_WHAT THIS TASK INVOLVES_.
Only a verbatim restatement of the lines from the one with "A case interview is" through the end of the listing below is wanted. Pictures should be left out.

_EXERCISE DATA_.
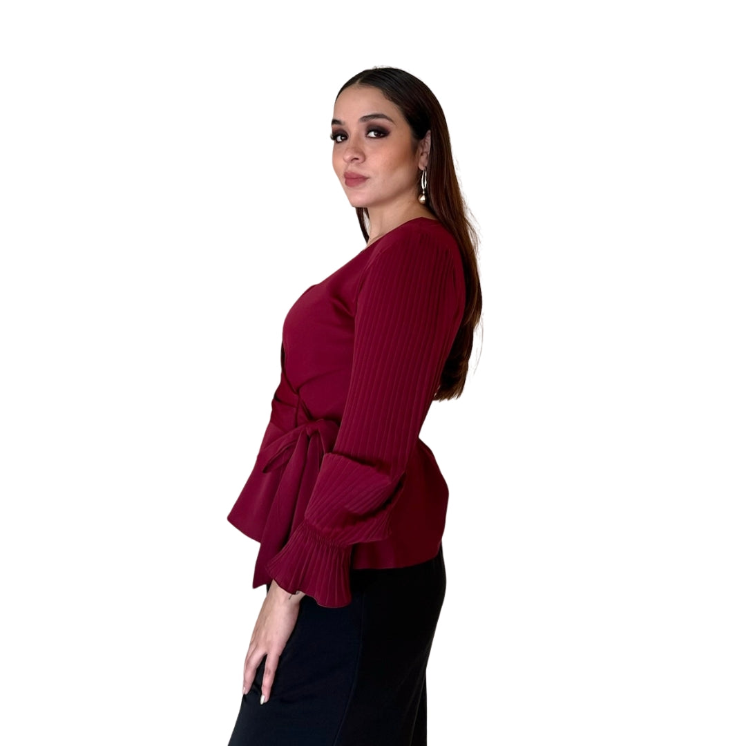 Detalles: detalle de cinta ajustable, mangas plisadas, resorte en cintura y al final de la manga
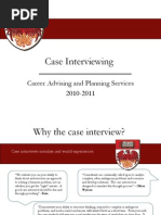A case interview is a type of job interview, used most frequently by strategy consulting firms, that allows an applicant to demonstrate his/her ability to solve a given business problem. During a case interview, an interviewer presents a situation or case and then asks the applicant to explore the underlying causes of the problem and suggest recommendations to remedy the problem. The cases given tend to be real business situations, often drawn from the interviewers actual project experience. Case interviews typically last from thirty to forty-five minutes and an applicant can expect to have several in the interview process at any given firm. Your success in a case interview will not depend on identifying the correct answer, but rather on how clearly you define the problem, how logically you structure your analysis, and how well you communicate your thoughts to the interviewer. Strategic consulting firms are looking for intelligent people who can approach business situations in an analytical fashion, think under pressure and maintain a professional presence with clients. A case interview provides excellent insight into how well you would perform in a strategy consulting situation. The purpose of this guide is to familiarize you with the process of a case interview, introduce you to some potential methodologies, and provide you with sample cases to practice. Learning about case interviews is also a helpful means to determine if strategic consulting is right for you, as these cases reflect the types of business situations and structured thinking strategy consultants encounter on a daily basis.
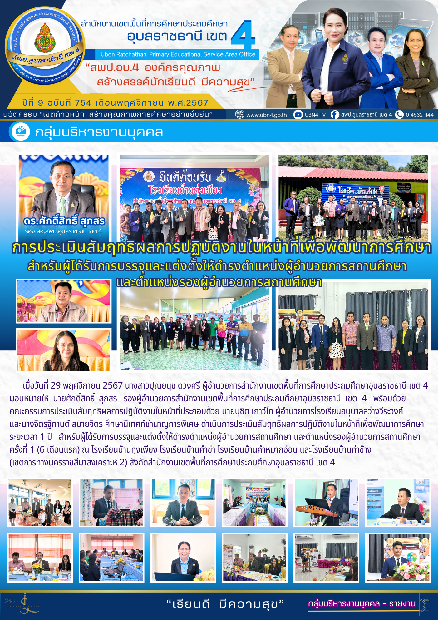 การประเมินสัมฤทธิผลการปฏิบัติงานในหน้าที่เพื่อพัฒนาการศึกษา สำหรับผู้ได้รับการบรรจุและแต่งตั้งให้ดำรงตำแหน่งผู้อำนวยการสถานศึกษา และตำแหน่งรองผู้อำนวยการสถานศึกษา (2) จดหมายข่าวกลุ่มบริหารงานบุคคล ภารกิจ ดร.ศักดิ์สิทธิ์ สุภสร ก่อนหน้า ต่อไป

_REPLY TO THE TASK_.
A case interview is a type of job interview, used most frequently by strategy consulting firms, that allows an applicant to demonstrate his/her ability to solve a given business problem. During a case interview, an interviewer presents a situation or case and then asks the applicant to explore the underlying causes of the problem and suggest recommendations to remedy the problem. The cases given tend to be real business situations, often drawn from the interviewers actual project experience. Case interviews typically last from thirty to forty-five minutes and an applicant can expect to have several in the interview process at any given firm. Your success in a case interview will not depend on identifying the correct answer, but rather on how clearly you define the problem, how logically you structure your analysis, and how well you communicate your thoughts to the interviewer. Strategic consulting firms are looking for intelligent people who can approach business situations in an analytical fashion, think under pressure and maintain a professional presence with clients. A case interview provides excellent insight into how well you would perform in a strategy consulting situation. The purpose of this guide is to familiarize you with the process of a case interview, introduce you to some potential methodologies, and provide you with sample cases to practice. Learning about case interviews is also a helpful means to determine if strategic consulting is right for you, as these cases reflect the types of business situations and structured thinking strategy consultants encounter on a daily basis.
 การประเมินสัมฤทธิผลการปฏิบัติงานในหน้าที่เพื่อพัฒนาการศึกษา สำหรับผู้ได้รับการบรรจุและแต่งตั้งให้ดำรงตำแหน่งผู้อำนวยการสถานศึกษา และตำแหน่งรองผู้อำนวยการสถานศึกษา (2) จดหมายข่าวกลุ่มบริหารงานบุคคล ภารกิจ ดร.ศักดิ์สิทธิ์ สุภสร ก่อนหน้า ต่อไป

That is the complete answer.